Robustness Analysis of Machine Learning Models using Domain-Specific Test Data Perturbation
EPIA 2023
In my talk at EPIA 2023 in the Azores, I presented our research on “Robustness Analysis of Machine Learning Models using Domain-Specific Test Data Perturbation.” The study focuses on how image, audio, and text input perturbations affect the performance of various classification models.
The increasing application of machine learning (ML) systems in critical fields has highlighted the importance of testing their robustness. Robustness, in this context, refers to a model’s ability to function correctly on noisy or perturbed data. This is crucial because models often encounter data in real-world settings that deviate from the clean, high-quality training data.
Our research uniquely contributes by examining a broad spectrum of perturbation types, especially in audio and text domains, and employing a higher sampling frequency for a more granular analysis.
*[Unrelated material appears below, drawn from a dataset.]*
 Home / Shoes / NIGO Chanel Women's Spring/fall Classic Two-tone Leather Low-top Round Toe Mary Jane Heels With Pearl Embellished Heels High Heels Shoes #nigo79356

We conducted experiments on three datasets (ImageNetV2 for image, SpeakerRecognition for audio, and AclImDB for text) and various ML models, applying different perturbations like noise, compression, pitch changes, and typos, at varying strengths.
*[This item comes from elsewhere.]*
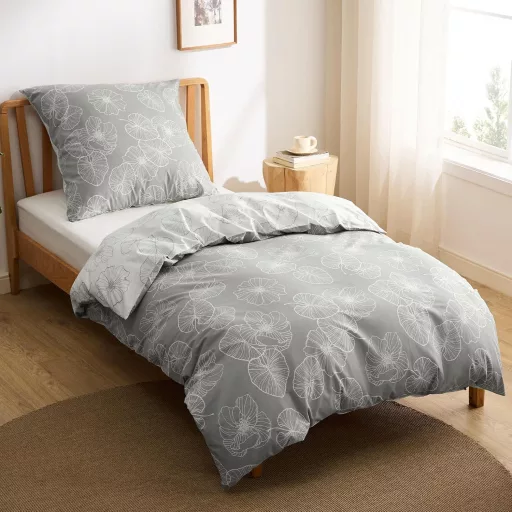 BEDSURE Pamut Ágyneműhuzat 135x200 cm Ginkgo Mintás Szürke 2 Részes Párnahuzattal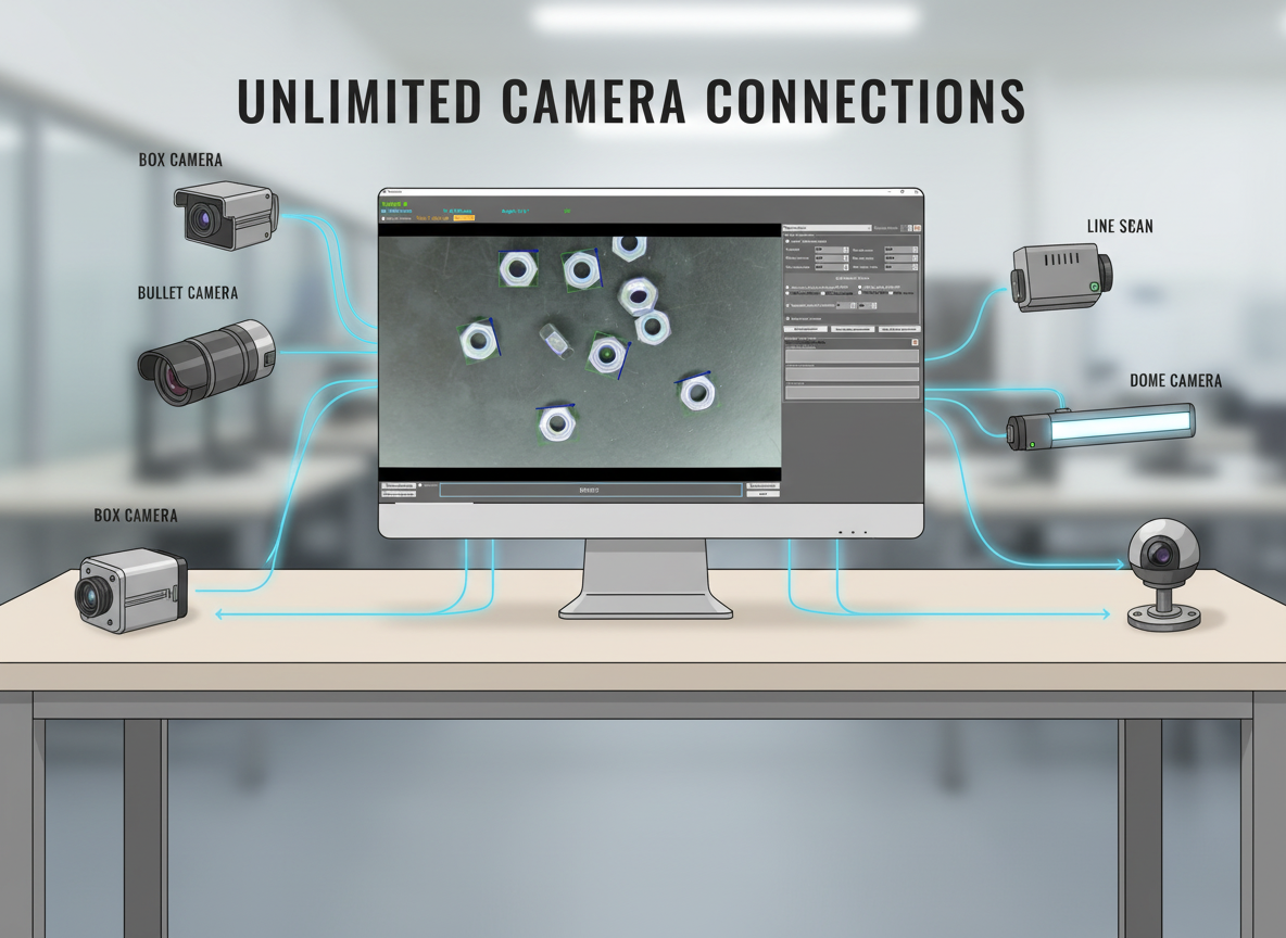 UniVision supports connection to an unlimited number of industrial cameras, allowing you to build flexible and scalable vision systems.

The key findings revealed a consistent relationship between larger perturbations and lower model performance, which varied depending on the model, dataset, and perturbator. For instance, in the image domain, models showed rapid decline in performance with low-strength noise and occlusion perturbations but were more robust against compression and pixelization at low strengths. The audio domain displayed minimal impact from white noise at low strengths but significant decline at higher levels, while compression had no significant impact until high perturbation strengths. In the text domain, typo and word removal perturbations linearly decreased model performance, but word switch had negligible impact, suggesting that keyword extraction might be crucial in sentiment analysis.
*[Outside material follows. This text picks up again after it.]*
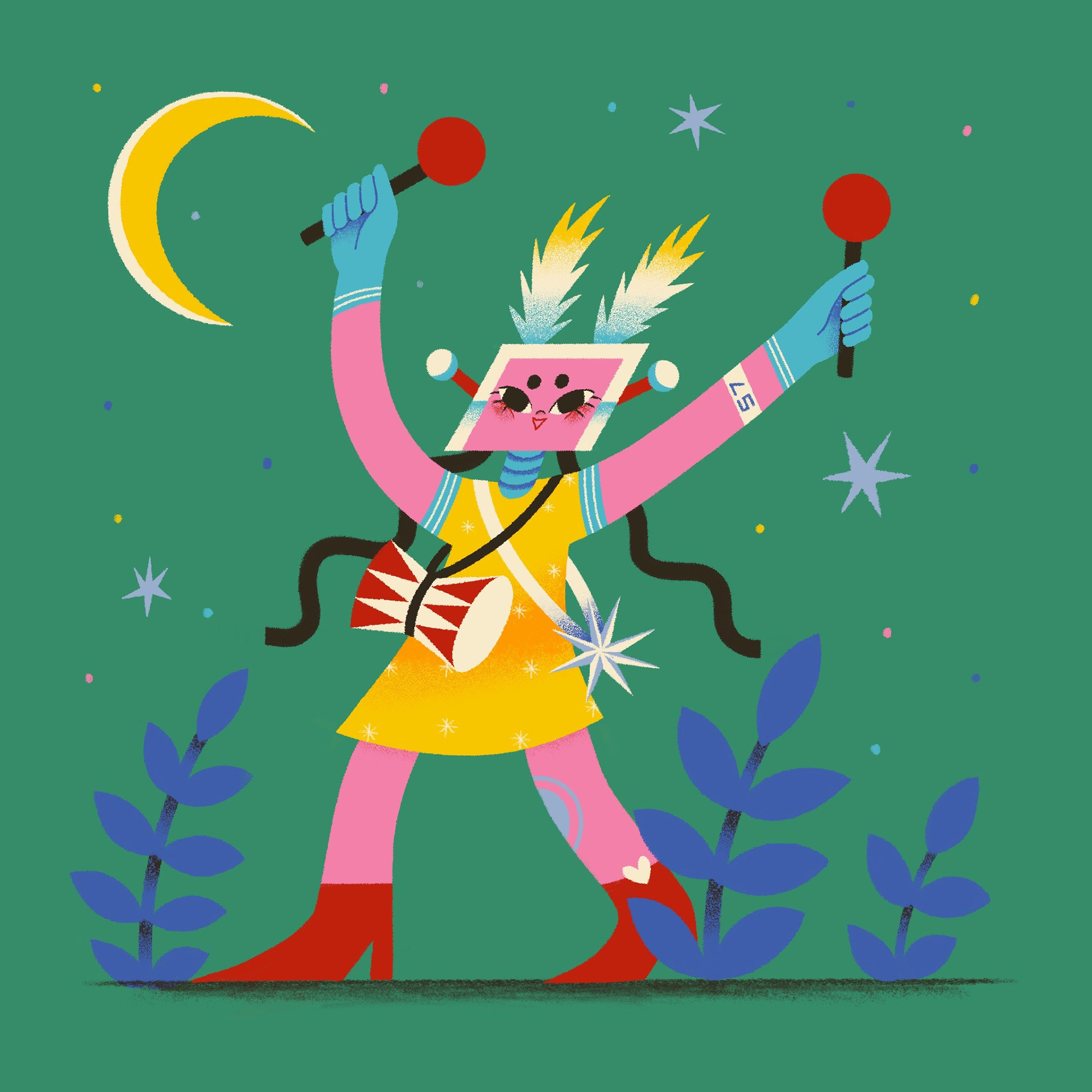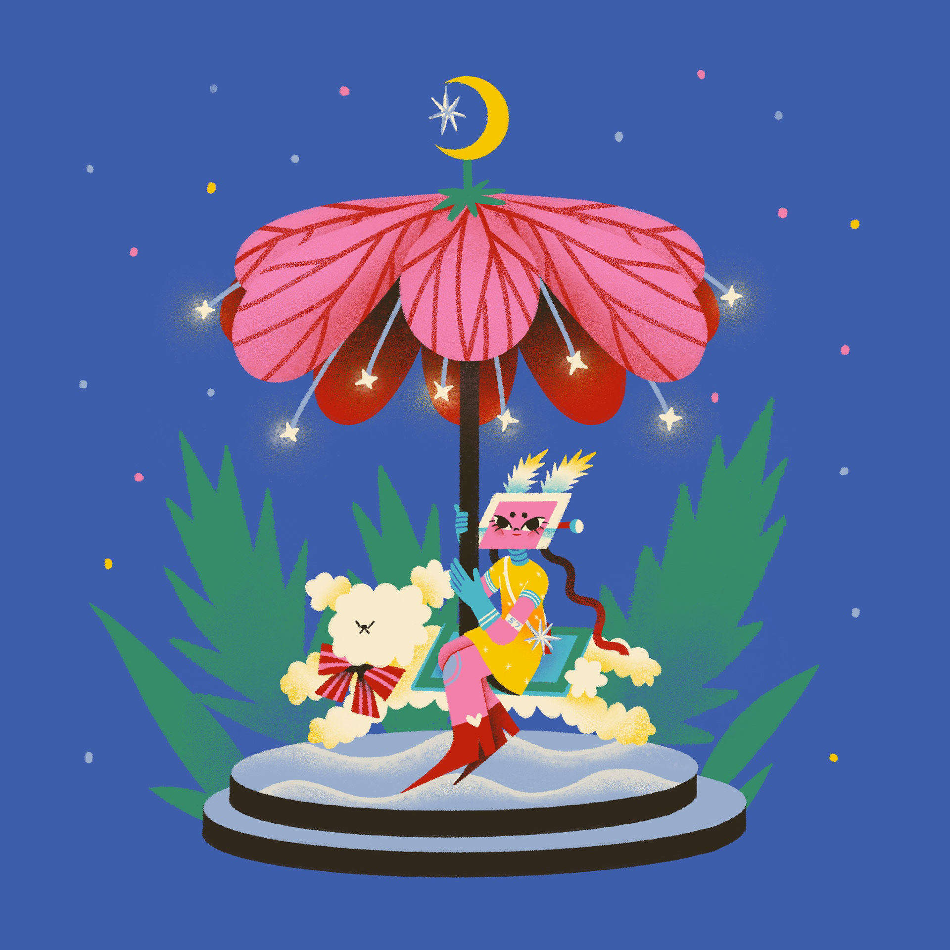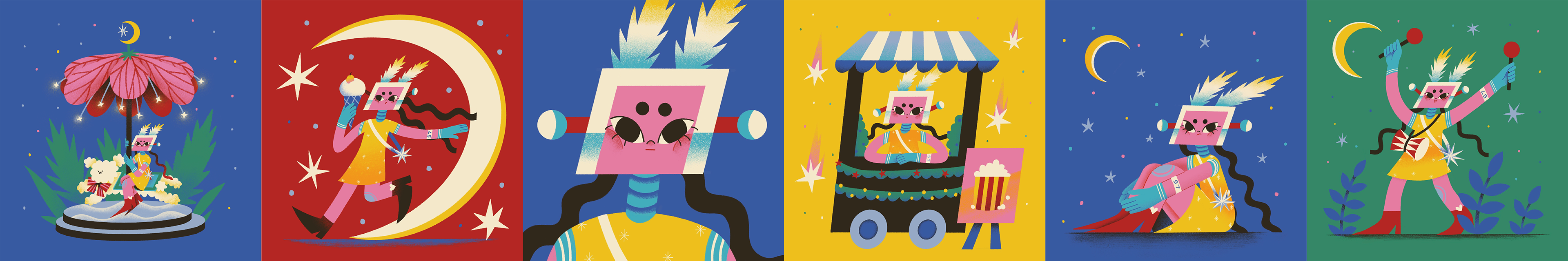 Yeppi is a robot girl who lives in the forest and enjoys her own world. I use bright colors and simple shapes in these illustrations that create a cozy and charming atmosphere.

Our study suggests that the type of noise introduced and the model’s properties significantly affect performance. This underscores the need for comprehensive testing with various perturbators and strength levels to uncover robustness issues. Future work includes expanding experiments to more models, datasets, and perturbation types, particularly in under-researched audio and text domains.
I thoroughly enjoyed giving this talk at EPIA 2023. It was an enriching experience to share our findings and engage with the audience. Meeting and interacting with so many people passionate about AI and machine learning was particularly rewarding, and I am grateful for the opportunity to contribute to this vibrant community.